DATA PROVIDED>
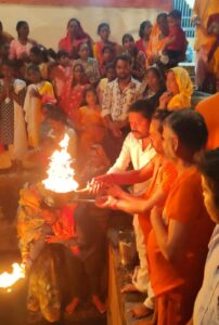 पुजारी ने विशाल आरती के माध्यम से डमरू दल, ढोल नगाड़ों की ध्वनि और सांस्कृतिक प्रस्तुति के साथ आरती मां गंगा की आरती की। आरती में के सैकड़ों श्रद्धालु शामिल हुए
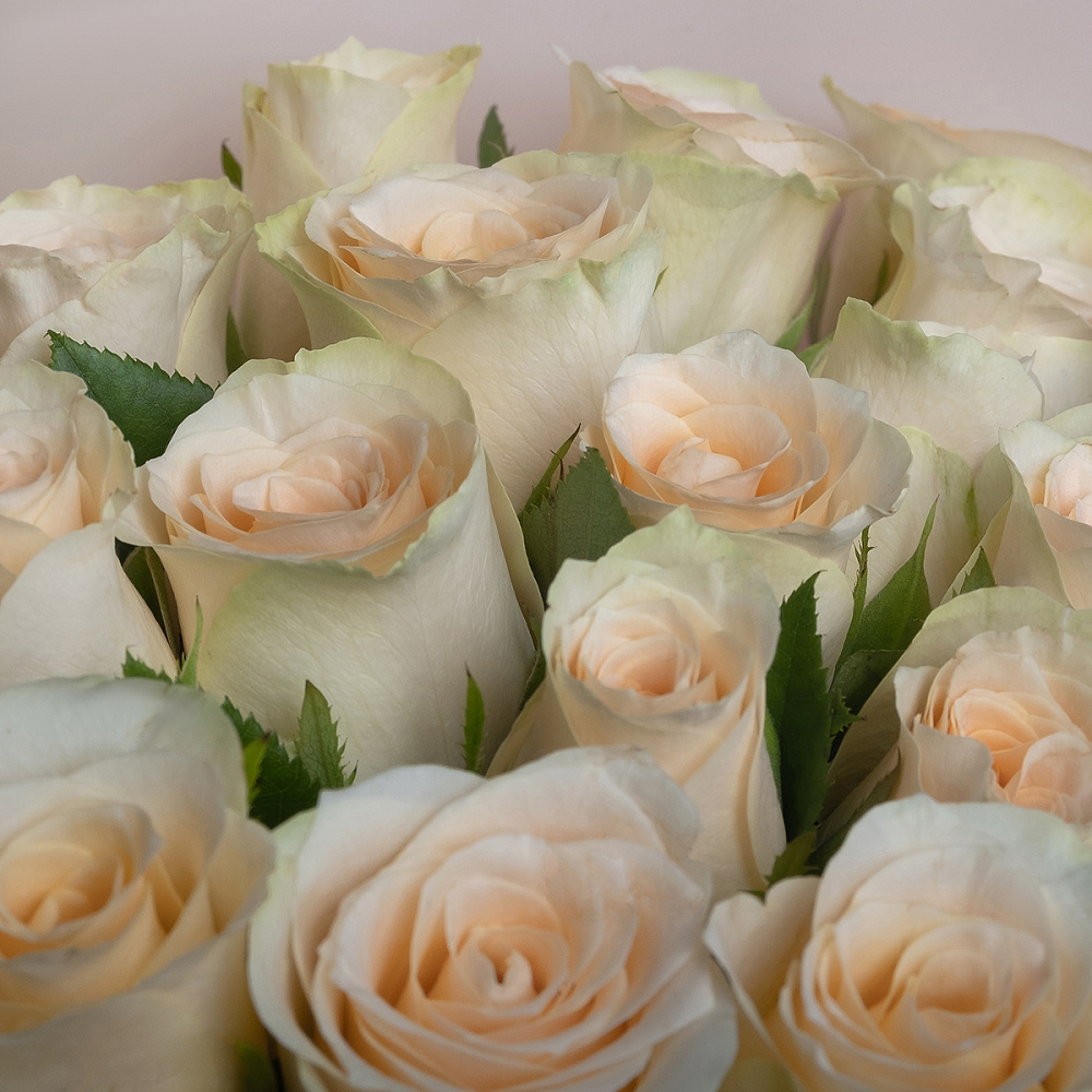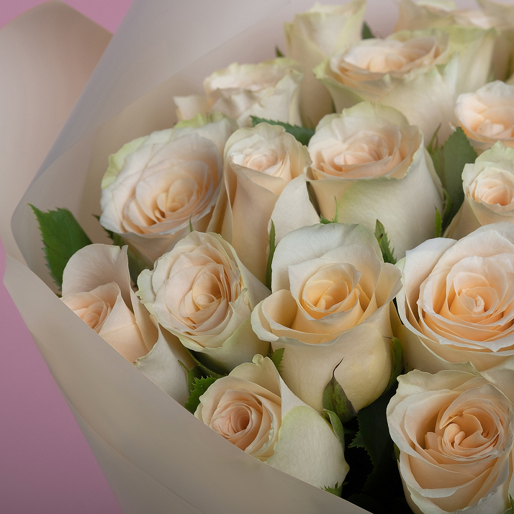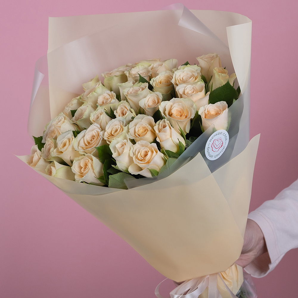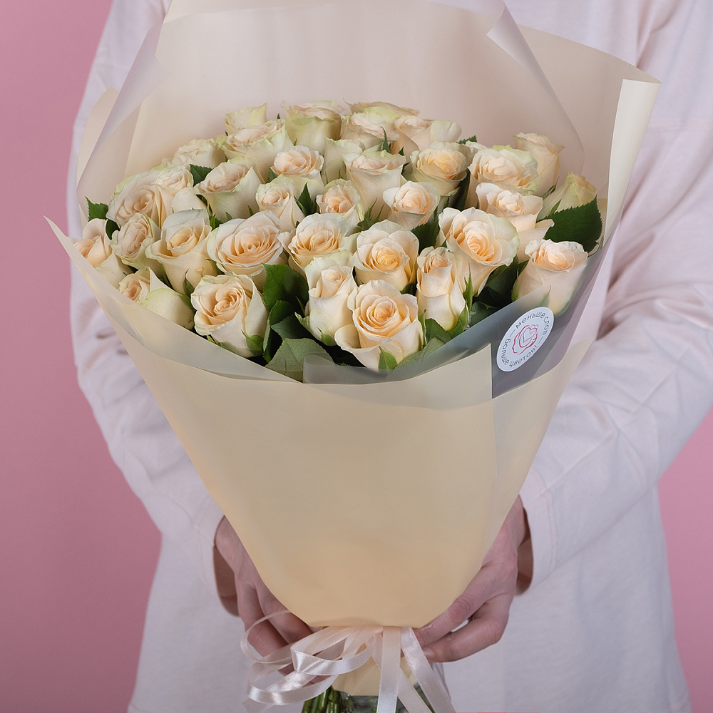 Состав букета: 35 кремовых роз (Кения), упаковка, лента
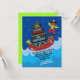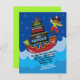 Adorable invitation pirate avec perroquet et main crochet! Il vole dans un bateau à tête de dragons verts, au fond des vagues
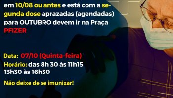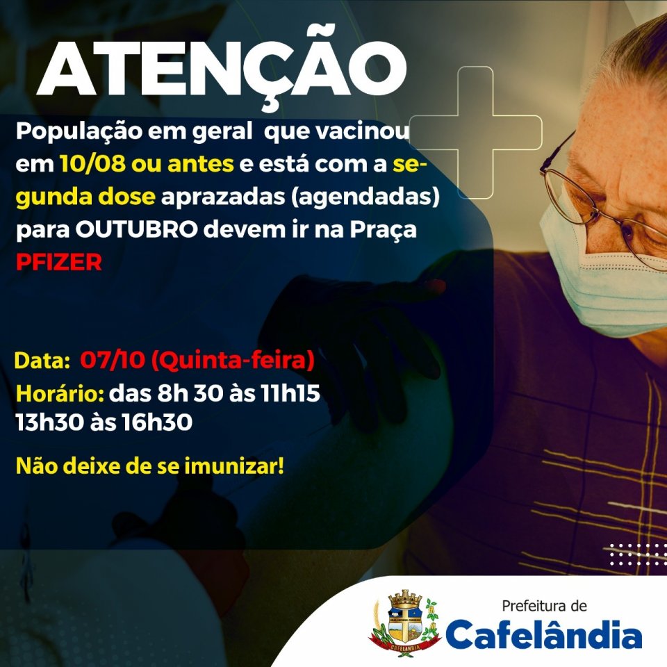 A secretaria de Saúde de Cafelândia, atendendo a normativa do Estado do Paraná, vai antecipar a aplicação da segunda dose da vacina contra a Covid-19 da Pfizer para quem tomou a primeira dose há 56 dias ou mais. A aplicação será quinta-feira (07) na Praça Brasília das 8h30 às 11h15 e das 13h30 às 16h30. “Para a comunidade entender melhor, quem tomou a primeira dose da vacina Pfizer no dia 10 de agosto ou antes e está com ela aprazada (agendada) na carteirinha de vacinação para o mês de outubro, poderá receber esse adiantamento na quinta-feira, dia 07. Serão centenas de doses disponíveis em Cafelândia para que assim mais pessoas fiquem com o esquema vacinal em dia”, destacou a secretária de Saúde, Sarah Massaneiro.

WHAT IS REQUIRED> Reproduce the listing above exactly, without a single picture.

PROBLEM SOLUTION>
 पुजारी ने विशाल आरती के माध्यम से डमरू दल, ढोल नगाड़ों की ध्वनि और सांस्कृतिक प्रस्तुति के साथ आरती मां गंगा की आरती की। आरती में के सैकड़ों श्रद्धालु शामिल हुए
 Состав букета: 35 кремовых роз (Кения), упаковка, лента
 Adorable invitation pirate avec perroquet et main crochet! Il vole dans un bateau à tête de dragons verts, au fond des vagues
 A secretaria de Saúde de Cafelândia, atendendo a normativa do Estado do Paraná, vai antecipar a aplicação da segunda dose da vacina contra a Covid-19 da Pfizer para quem tomou a primeira dose há 56 dias ou mais. A aplicação será quinta-feira (07) na Praça Brasília das 8h30 às 11h15 e das 13h30 às 16h30. “Para a comunidade entender melhor, quem tomou a primeira dose da vacina Pfizer no dia 10 de agosto ou antes e está com ela aprazada (agendada) na carteirinha de vacinação para o mês de outubro, poderá receber esse adiantamento na quinta-feira, dia 07. Serão centenas de doses disponíveis em Cafelândia para que assim mais pessoas fiquem com o esquema vacinal em dia”, destacou a secretária de Saúde, Sarah Massaneiro.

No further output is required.